The Phantom Four were the band that pushed me over the edge to go to this. Where else would I see them? I would rank Mandira as the 2nd best instro record in the past 10 years (behind The Barbwires' Searider) and though they might have even played more Treble Spankers songs than they did tracks on Mandira, that's absolutely fine. I would probably have changed maybe 5 seconds of that show, and there were probably 30 or so that I wish I could bottle up and hand to theoretical physicists to show me an alternate universe where the sounds I was hearing were commonplace. And when I say "hearing" I mean what my ears were able to take in because I heard that sound that suggests permanent hearing loss 3 times and thought "eh, worth it."

This was actually the Phantom Four and John Blair and while I'm certain I would have gone gaga over The Phantom Four alone, it's the collision of these artists that makes this, in my eyes, historic. Let's observe the two guitarists separately.

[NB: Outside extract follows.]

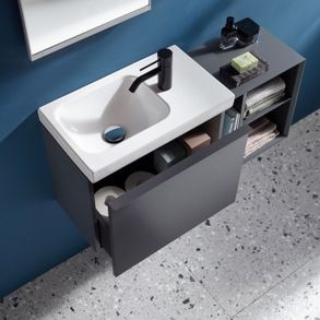 The washbasins are specially designed for small bathrooms or guest WCs. They offer a whole host of solutions for when space is at a premium. Shelves and tap holes positioned to the side enable low installation depths, and corner constructions mean that installation in niches is also possible. The ceramic range is complemented with WCs with shortened projections.The modular concept of Geberit iCon creates storage space in small bathrooms and guest bathrooms. With well-thought-out washbasin cabinets, side cabinets and side elements, even bathrooms with difficult layouts can be configured to their full potential. Low installation depths tailored to the washbasin solutions ensure freedom of movement even in confined spaces.

Phantom Frank is possibly the most unique entertainer I've ever seen. He's flamboyant; he glides around with a disco step like he's on Soul Train. The Phantom Four are a triple strike of pulsating beat, flowery guitar work, and strategic use of power. Frank can channel all of these through his guitar, but if you listen to The Treble Spankers' Mirananda, he's always moving like that song SOUNDS. He's astounding, truly from another planet, and if this were a different time in a different musical landscape his fame would reach far out of our niche.

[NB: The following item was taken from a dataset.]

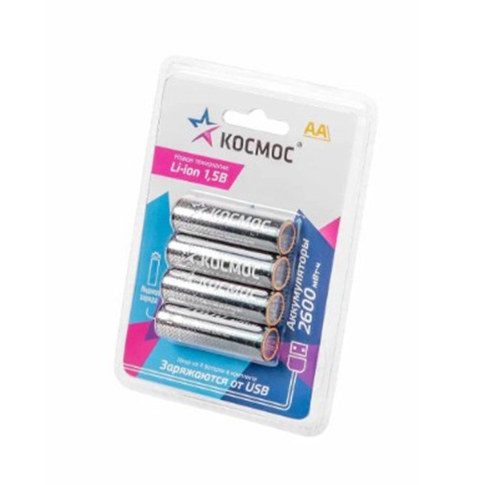 Аккумулятор КОСМОС Li-ion AA, R6 2600 mWh (4/12/576)

John Blair is one of the best things that could ever happen to surf rock. His books have dragged it from obscurity and into the never-ending culture that we have today. But let's forget all that for a sec. Jon and The Nightriders were the sort of band that needed to bring it back. Surf is a sound of teenage single-minded endorphin hunting, not laid-back beach music to play with your friends. Jon channeled that with the Nightriders and still brought that brute force rock & roll American surf rock feeling to the stage. That's right, that dude up there preserved the wild teenage abandon that this shit is all about. The Phantom Four have power, no doubt, but he brought a touch more fury. 

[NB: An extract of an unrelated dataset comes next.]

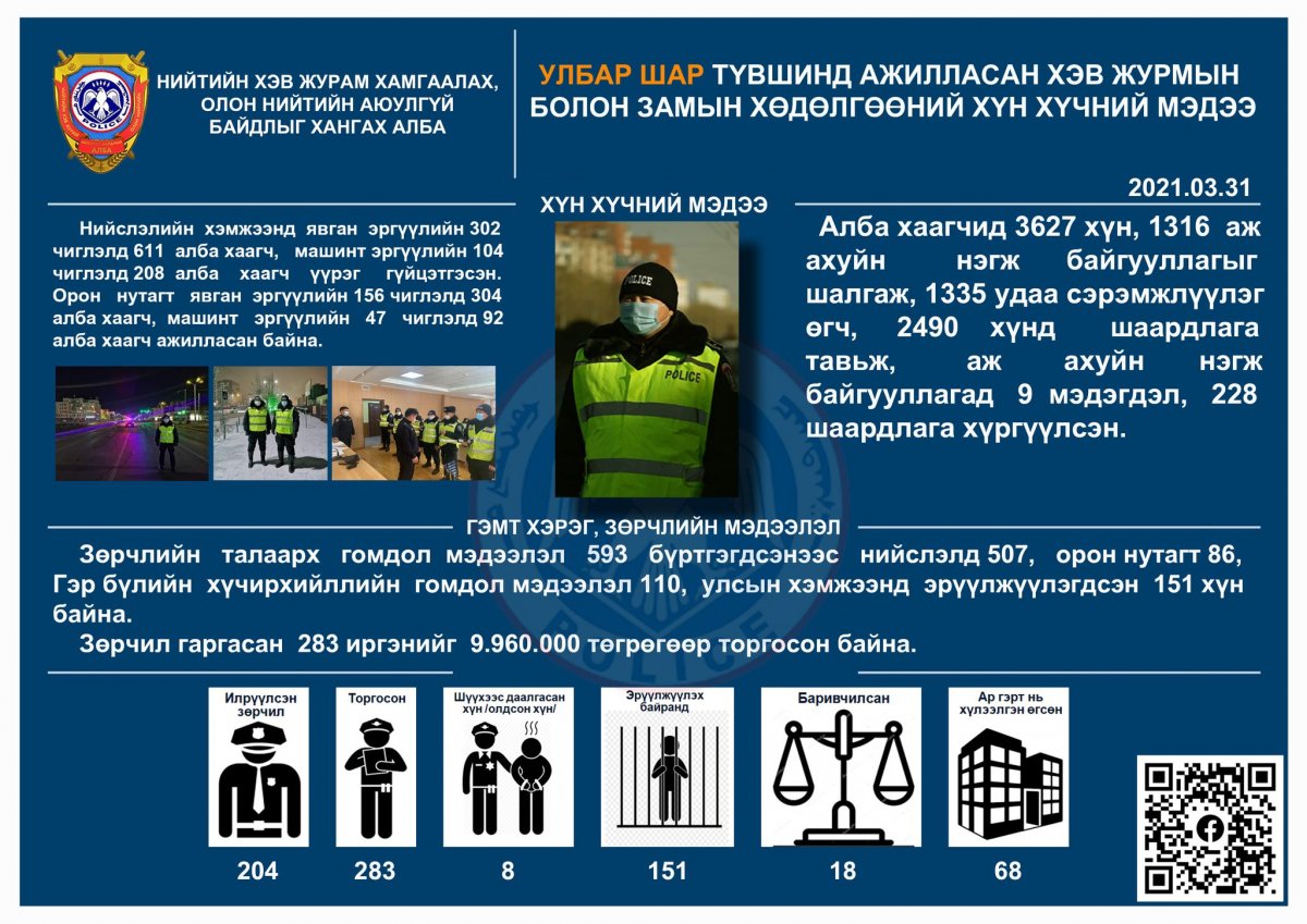 “Улбар шар” түвшинд шилжсэнтэй холбогдуулан нийслэлийн хэмжээнд явган эргүүлийн 302 чиглэлд 611 алба хаагч, машинт эргүүлийн 104 чиглэлд 208 алба хаагч үүрэг гүйцэтгэсэн.

The interplay of these two personalities - opposites in so many ways, was fascinating. The more curious European sound meeting the vicious American sound, the way they interacted with each other on stage (Phantom Frank was practically snuggling up to John while they played). It was a great mix of Phantom Four, Treble Spankers, and Jon & the Nightriders songs.


So that was it for me. My flight was early the next morning (I'm still in debt sleep-wise) so I missed the beach shows the next day. Lessons learned about how to plan for the next one. It was an incredible night though, I'm still coming down from it. Huge thanks to Jeff and everybody involved, hope to see y'all next year!